Repeat the lines below exactly as written, please, from the line with "Kit Chaise Hungria" to the line with "The Windmill English", both lines included, and no others.

▶ **Records for processing**:
·····
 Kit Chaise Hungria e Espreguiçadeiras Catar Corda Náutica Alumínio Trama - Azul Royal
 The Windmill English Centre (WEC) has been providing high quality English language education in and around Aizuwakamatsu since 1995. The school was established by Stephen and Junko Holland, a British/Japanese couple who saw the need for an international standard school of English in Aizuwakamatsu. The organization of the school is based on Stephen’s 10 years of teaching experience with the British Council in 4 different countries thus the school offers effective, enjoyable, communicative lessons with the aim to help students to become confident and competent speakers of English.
·····
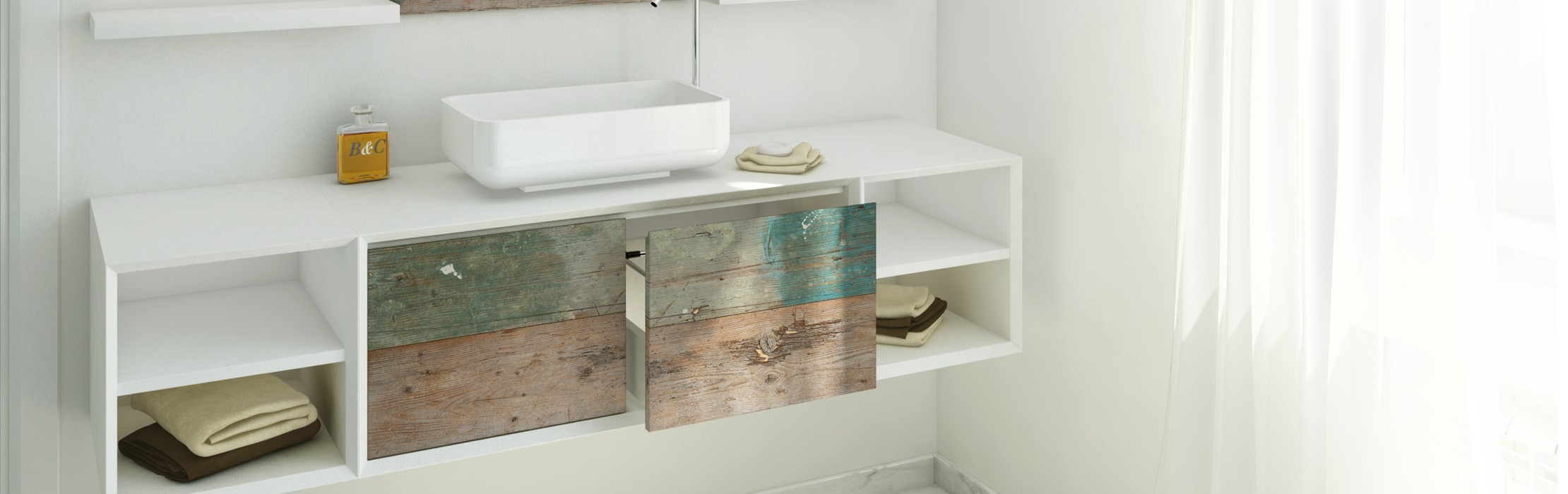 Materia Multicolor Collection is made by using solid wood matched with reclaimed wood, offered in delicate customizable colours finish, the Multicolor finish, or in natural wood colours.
·····
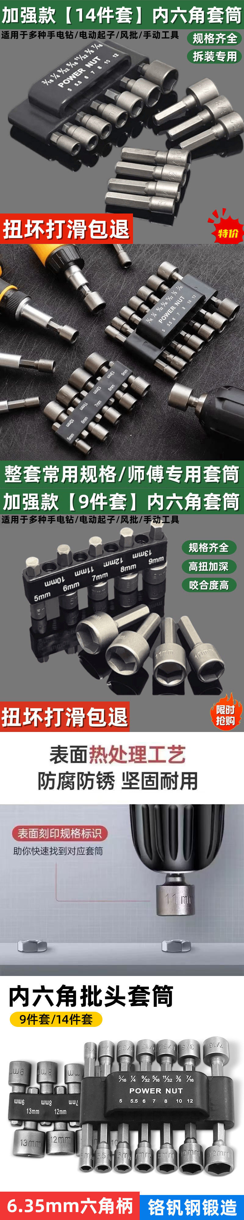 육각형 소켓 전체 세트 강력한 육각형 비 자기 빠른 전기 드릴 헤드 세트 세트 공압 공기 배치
·····
▶ **Solution to the problem**:
 Kit Chaise Hungria e Espreguiçadeiras Catar Corda Náutica Alumínio Trama - Azul Royal
 The Windmill English Centre (WEC) has been providing high quality English language education in and around Aizuwakamatsu since 1995. The school was established by Stephen and Junko Holland, a British/Japanese couple who saw the need for an international standard school of English in Aizuwakamatsu. The organization of the school is based on Stephen’s 10 years of teaching experience with the British Council in 4 different countries thus the school offers effective, enjoyable, communicative lessons with the aim to help students to become confident and competent speakers of English.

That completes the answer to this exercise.